The implementation follows service ownership, explicit API contracts, and incremental integration. Prediction is treated as one input to a broader recommendation workflow rather than the final answer by itself.

Domain and class design

ForesightX design class diagram

The class model separates users and sessions, market entities, prediction records, portfolio state, and analysis jobs. Service-specific repositories and controllers keep transport logic separate from persistence and domain behavior.

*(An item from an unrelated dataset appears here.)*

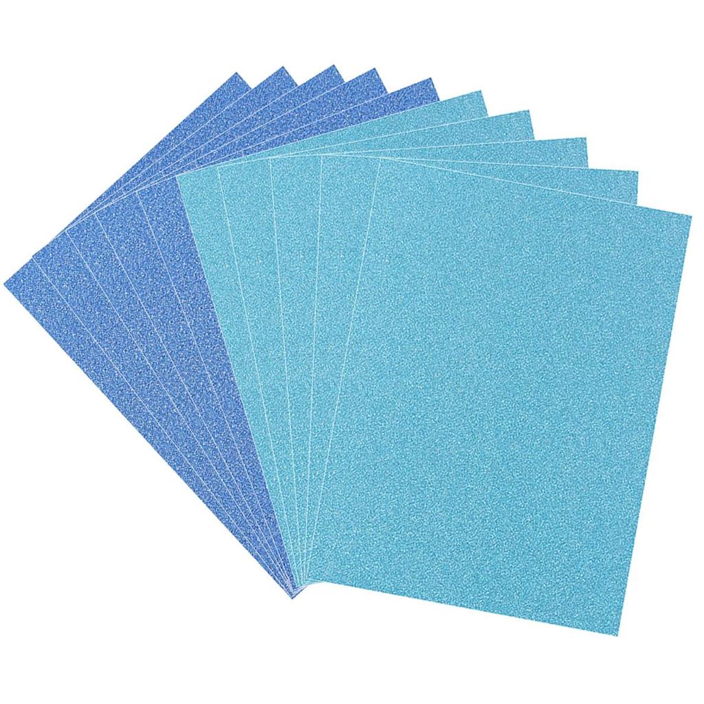 [Product Specifications] Set of 10 glitter sheets (5 blue, 5 sky blue). Size: A4 size (210 x 297 mm).

Authentication methodology

Authentication service workflow

The auth service validates credentials, hashes passwords, issues short-lived access tokens, rotates refresh tokens, and supports revocation through Redis-backed state. OAuth users follow the same platform identity flow after provider callback validation.

Prediction methodology

The Pattern service uses a reproducible offline-to-online pipeline:

  1. Collect and validate historical OHLCV data.
  2. Clean and normalize the input series.
  3. Compute technical features and construct rolling windows.
  4. Split data without future leakage.
  5. Train and evaluate candidate models.
  6. Record experiments with MLflow and version data/artifacts with DVC and DAGsHub.
  7. Promote a selected artifact into the inference service.
  8. Reapply the saved preprocessing contract for online predictions.

Offline ML pipeline

Prediction endpoint workflow

The inference response includes direction and confidence for short horizons. Confidence is communicated as model evidence, not as certainty.

Data service methodology

Data service architecture

The data service hides provider-specific formats behind stable endpoints. It validates tickers, retrieves quotes and history, computes or serves indicators, caches repeat requests, persists normalized snapshots, and streams selected updates over WebSockets.

Profile methodology

Profile service workflow

The profile service owns user-facing details and portfolio state. Position updates and transaction history support risk calculations and provide the orchestration service with context such as current exposure and available cash.

Orchestration methodology

Orchestration workflow

Orchestration uses graph state to make multi-service analysis traceable. A typical graph validates the request, fetches evidence, composes signals, generates a recommendation, applies risk checks, and formats the response. Persisted events make failures easier to locate than a single opaque endpoint implementation.

Recommendation generation

The recommendation combines four classes of evidence:

  • Market evidence: price movement, volume, technical indicators, and news context
  • Model evidence: predicted direction, horizon, and confidence
  • User evidence: holdings, cash, transaction history, and risk context
  • Policy evidence: deterministic thresholds, exposure constraints, and fallback rules

AI assistance is used to structure and explain the combined evidence. It does not bypass validation or risk rules.